Cardiac specific miR-208a and MED13; How does cardiac MED13 influence whole body metabolism? (Grueter CE et al., 2012)[6] (i) Pharmacologic inhibition of the cardiac-specific miR-208a confers resistance to diet-induced obesity (e.g., smaller visceral WAT and subscapular BAT, normal glucose response, lower fasting insulin levels) with beneficial metabolic effects (e.g., reduced serum triglyceride and cholesterol levels); (ii) miR-208a is a negative transcriptional regulator of MED13 in the heart. Among the functions of MED13 are: (a) to inhibit expression of metabolic genes regulated by NRs (e.g., Gpd2, Thrsp, Cidea, Elovl6, Eno1, PPARγ Tkt), (b) to control whole-body metabolic homeostasis (e.g., αMHC-Med13 TG mice, with increased cardiac expression of MED13, show enhanced metabolic rate, diminished serum triglyceride and cholesterol levels, resistance to diet-induced obesity including less fat mass versus WT littermates, reduced visceral WAT and subscapular BAT mass as well as less adipocyte size and less lipid accumulation, improved glucose (tolerance) response, lowered plasma lipid levels, and improved whole-body insulin sensitivity, and (c) regulate energy expenditure (e.g., increased oxygen consumption, carbon dioxide production) in mice; (iii) MED13 deficiency in the heart increases susceptibility to metabolic syndrome and diet-induced obesity in mice, as shown with Med13 cardiac knockout mice versus Med13fl/fl littermates on HF diet. (iv) Circulating factors may relay MED13 activity from the heart to other organs but these factors remain elusive.
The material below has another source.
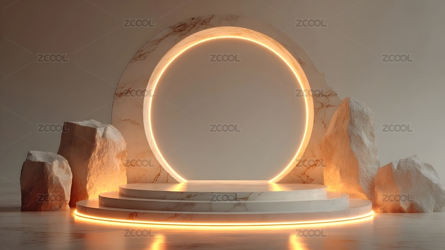 简约圆形光圈与白色平台设计
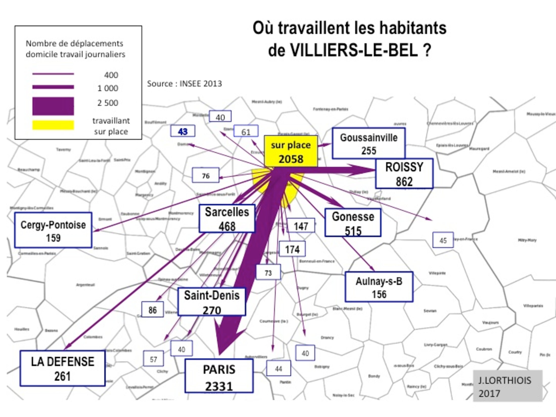 Cette fois-ci, il s’agit d’une commune-dortoir au sens concret du terme, fortement déficitaire en emplois (5900 postes) par comparaison avec la population active occupée (9800 travailleurs), a fortiori en rajoutant les chômeurs (12 200 habitants en activité ou en recherchant une), soit 2 actifs pour un emploi. Sur la carte du bassin de main-d’œuvre jointe (figure 13), on constate la faible attraction du pôle de Roissy qui n’occupe que 5,6% des actifs occupés : les travailleurs venant en transports en commun sont desservis correctement par 3 lignes de bus dont un BHNS. Les habitants qui travaillent à Gonesse peuvent utiliser la ligne de bus 20 côté Val d’Oise. Certains des actifs vers Arnouville peuvent même s’y rendre à pied. Mais les plus gros flux se dirigent vers le Sud, à commencer par Sarcelles, pôle principal de rattachement de proximité (5,8% des travailleurs Beauvillésois), auquel on peut adjoindre les destinations de Garges-lès-Gonesse et Saint-Denis, via le RER D. Mais surtout, on constate que 12% des grands flux rejoignent Paris, avec un record de 400 personnes vers Saint-Lazare. C’est pourquoi le prolongement de la ligne 14 jusqu’à Saint-Denis-Pleyel serait fort utile aux populations locales. De même, la prolongation du tramway T5 Sarcelles-Villiers-le-Bel pourrait consolider les liens entre ces deux villes, qui forment une même continuité urbaine. Par contre, il n’y a aucune justification pour les Beauvillésois ni du barreau de Gonesse, ni de la gare du Triangle et plus généralement de la ligne 17 Nord. A l’inverse, l’achèvement du tram-train intitulé 11 express pourrait offrir de nouvelles opportunités aux habitants.

Abbreviations: miR-208a: microRNA-208a; MED13: mediator complex subunit 13; ANP: atrial natriuretic peptide; SDS-PAGE: sodium dodecyl sulfate-polyacrylamide gel electrophoresis; BNP: brain natriuretic peptide; proBNP: ventricular circulating inactive precursor of BNP; CNP: C-type natriuretic peptide; HUVEC: human umbilical vein endothelial cell; NRs: nuclear receptors; TG: transgenic; Gpd2: glycerol-3-phosphate dehydrogenase 2; Thrsp: thyroid hormone responsive; Cidea: cell death-inducing DFFA-like effector A; Elovl6: ELOVL fatty acid elongase 6; Eno1: Enolase 1; PPARγ: peroxisome proliferator activated receptor gamma; Tkt: Transketolase; WT: wild-type; WAT: white adipose tissue; BAT: brown adipose tissue; HF: high fat; Ang II: angiotensin II; ET1: endothelin-1; NF-kB: nuclear factor kappa-light-chain-enhancer of activated B cells; MAPK: p38 mitogen-activated protein kinase; PKC: protein kinase C; GFs: growth factors; MLCK: myosin light chain kinase; PLC: phospholipase C.